You know, perusing the Internet and the rapidly diminishing other "free" media outlets, I encounter a LOT of stupidity in the world, and one of the superlative examples of stupidity is the notion that MATH and SCIENCE comprise a "universal" language... Heh.
Have you seen any raccoons playing Lotto? They're pretty damned smart, but I haven't seen any animals playing Human number games.
Hell, there's no reason whatsoever to think that Human Math and Science are Universal.
I mean, there are creatures right here on Earth who are far more organized and technically accomplished than Humans, and they never pick up a pencil.
The Insects and Arachnids, for examples, perform feats of architecture
and engineering that Humans can't even begin to replicate.
A lowly spider, for instance, can single-handedly produce a silken
compound from its abdomen that is 6 times stronger than steel, and use
it to
construct the proportionate equivalent of a 100-story building in just a
few hours. That same spider can then chemically modify its versatile
silk to trap live prey many times larger than itself. That same spider can then use its silk to manufacture para-sails and actually fly away
on the breeze.
The spider has thus mastered chemistry, architecture, hunting and
aeronautics, and done so WITHOUT Science or Math or any of the other
tedious Human
skills we associate with intelligence.
Now, imagine an alien "civilization" that functions the way spiders do. Or termites. Or ants. Or locusts.
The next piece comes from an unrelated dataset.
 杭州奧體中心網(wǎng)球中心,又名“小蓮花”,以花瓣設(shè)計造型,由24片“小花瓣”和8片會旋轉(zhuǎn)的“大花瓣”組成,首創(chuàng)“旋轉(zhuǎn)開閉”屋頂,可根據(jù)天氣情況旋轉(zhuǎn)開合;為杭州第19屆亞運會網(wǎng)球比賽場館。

These creatures might excel in chemistry and engineering and aeronautics
and perhaps even space travel without EVER understanding the Periodic
Table
of the Elements or Organic Chemistry or Calculus or anything else that
we associate with intelligence.
There are countless organisms on Earth alone that can spontaneously produce light
from their own bodies. There are terrestrial organisms that
can produce powerful (even lethal) electrical charges, for that matter.
There are complex life forms on this planet that can survive with ice
crystals in their bloodstreams.
And think of this — we clever Humans haven't even discovered all the life forms on Earth... At present, we have direct knowledge of only
about 10 PERCENT of the life on this planet. That's right, some 90% of the Life on this world is still out there in the oceans, and we don't
know anything about it.
What we do know is that all these millions of diverse life forms are NATURALLY capable of the most astonishing feats of survival without an
inkling of an idea of Human Science.
What should this tell us?
It should tell us that the great majority of Life in the Universe is capable of the most amazing feats of survival and engineering without EVER understanding Human Logic, Human Math, and Human Science. Without a doubt, there are creatures out there in the vast depth of Space that DWARF Human technology into insignificance, and they do so NATURALLY, without any sort of Science whatsoever.
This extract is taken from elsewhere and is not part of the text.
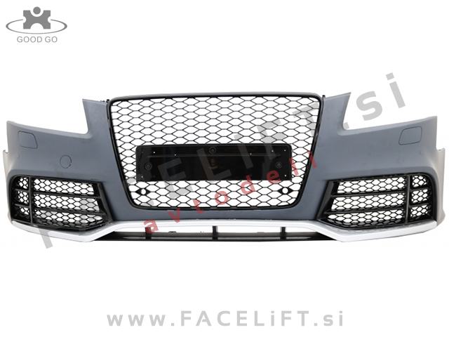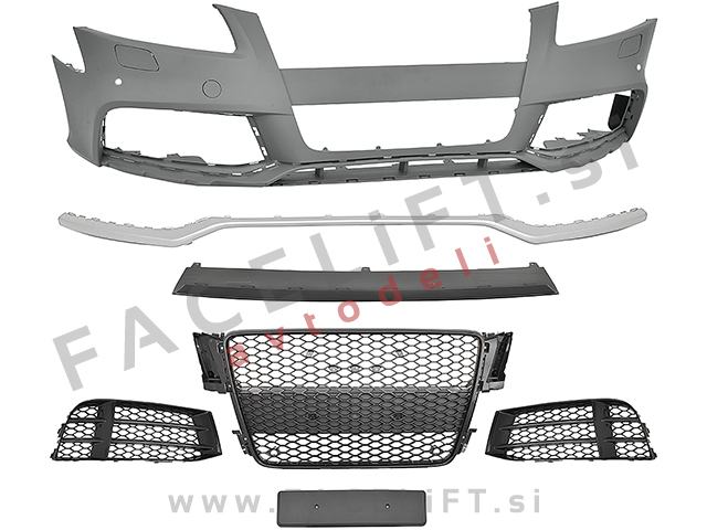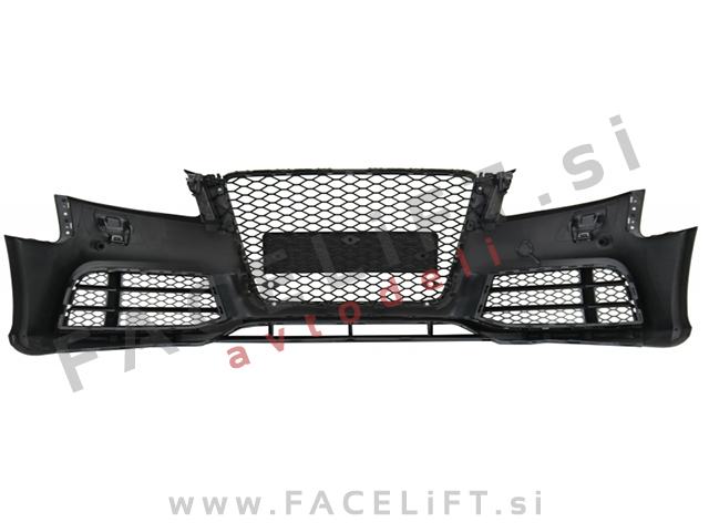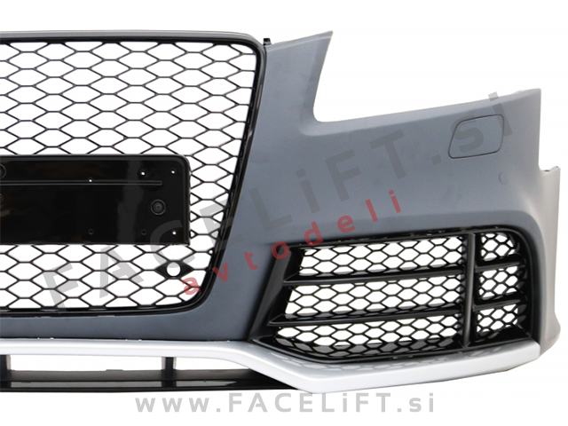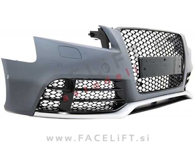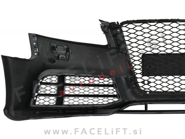 Sprednji odbijač RS5 izgled. V kompletu prejmete sprednji odbijač, mreže, masko, upore CANBUS, za preprečitev napake na računalniku zaradi meglenk in čepe za PDC senzorje. Odbijač je nov in pripravljen za barvanje (v primerju).

Just because WE Humans are highly adaptable doesn't mean that another intelligent life form MUST necessarily
meet our adaptive expectations.
Other intelligent life forms might, indeed, SPECIALIZE in such a way as
to develop very highly advanced propulsion and other engineering
systems, but
they might be able to do so through instinct alone, with no adaptive
behavior, with no math or science.
As do spiders.
If we venture into space on a quest to locate near-human intelligence as our ultimate objective (as in Star Trek), we're going to be
very, very horribly surprised. I mean, I don't think we're mature enough as a species to be contemplating interplanetary colonization.
Ha. We need to learn how to live within our means, to live in balance with our resources on planet Earth. And, no, I'm not going to grow a beard and get fat and drunk and turn into Al Gore on you.
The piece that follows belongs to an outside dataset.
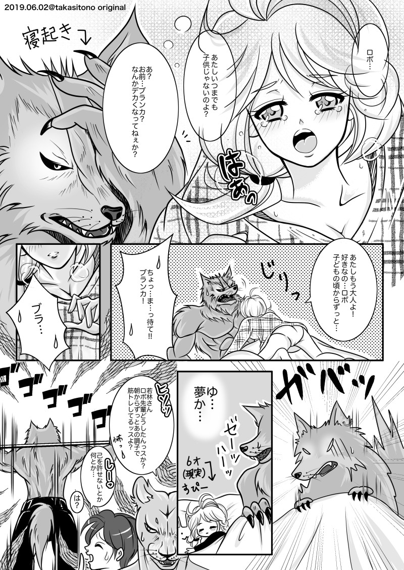 ■以前描いたミリタリーオオカミのイラストのキャラクターが主役のオリジナル漫画。軍人オオカミ・ロボと、ロボに助けられて同居する事になる、人間の女の子・ブランカ✨人外×少女のお話です!

ALL we absolutely know for certain about LIFE is that it sort of
POPPED into existence about half-a-billion years after the Earth was
formed.
I hate to keep reminding you all, but there is no evidence that there is any Life anywhere else in the Universe. We simply have
not sampled LIFE beyond Earth. If it's out there, we don't know about it.
And that's the hard Scientific stance.
Sure, there may have been nano-bacteria on Mars three billion years ago, and there may be some sort of marine life on Europa (just give
us a worm, for Godsake), and there MAY be extremophile environments everywhere from Venus to Jupiter to Saturn to Neptune.
But we just haven't found it....yet.
Finding Life outside of Earth is like finding WMD in Iraq. Hey, we KNOW it's out there. Just haven't found any trace of it.
Hey, I think that Life Happens as an inexorable electrochemical
opportunity anywhere that it CAN happen. Everything else is necessarily
colonization
and the perpetuation of species, to be sure.